When it comes to casting, of course, the Komische Oper cannot feature blockbuster names, but the ensemble has solid singers – in the case of Jens Larsen, I would say that top-class ones. He must be one these happy few people with very little ambition, for his Ochs is better than some seen and heard in many a big opera house. Even the occasional rough patch makes sense in a truly funny characterization, in which voice (big basso profondo notes involved) and acting are perfectly united. The lovely Stella Doufexis has everything to be an exemplary Octavian but scale – hers is a small voice for the ensembles and her Rosenkavalier sounds a bit too elegant and feminine for the circumstances.
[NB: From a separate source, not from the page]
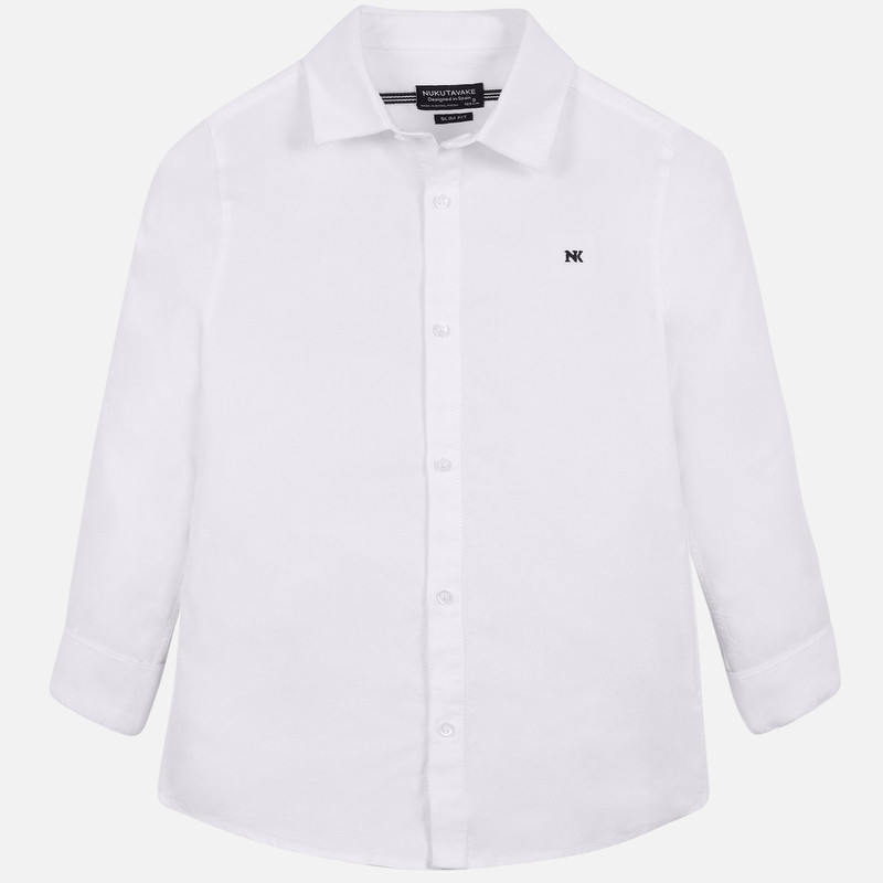 Camasa maneca lunga scoala pentru baieti de la Mayoral. Modelul are buzunar frontal si broderie discreta. Mici nasturi. Material placut din bumbac.

Nevertheless, she is such a classy singer and such a convincing actress that one tends to take her side, even when things are not really easy for her. I have the impression that Brigitte Geller has already grown away from the role of Sophie. Two years ago, she seemed a bit unenthusiastic about it. Now she seems almost bureaucratic. She is a very musicianly singer, with touching turns of phrase, but the high mezza voce comes now a bit more difficultly and there are many moments just off-focus – not only vocally. The small roles are predictably tentative – for the exception of two very good tenors, Christoph Späth, an alert, bright-toned Valzacchi, and Timothy Richards, an extraordinarily heroic Italian tenor with easy high notes.

It is difficult to believe that these performances in Berlin are Geraldine McGreevy’s debut in the role of the Marschallin, for only a slight hesitation when mezza voce is involved and one or two false entries expose a certain inexperience in it.  Her soprano is ideally creamy, a solid middle and low register particularly helpful in this part; her diction is perfect, she phrases with utmost sensitivity and purpose and, best of all, the feeling is genuine. There were moments in which the emotions were so palpable that I feared she would just cry on stage. Well, in the audience, many of us have. She is too a competent actress and, even if there are more alluring Marschallins around, she can be very convincingly aristocratic. A beautiful performance.

The house orchestra lack a certain refulgence in the string section, but Patrick Lange could nonetheless produce a very intense yet clear view of the score, sometimes too hard-pressed and slightly superficial in its bright colors. In all key moments, when a little bit more patience would have allowed him to build up the atmosphere (especially in the final trio), things escalated too fast and the result was sometimes noisy and unhelpful for his cast. I have to grant him something, the violins in the end of act I (a favorite passage of mine) were marvelous, exactly as I would wish for. This alone was worth the ticket price.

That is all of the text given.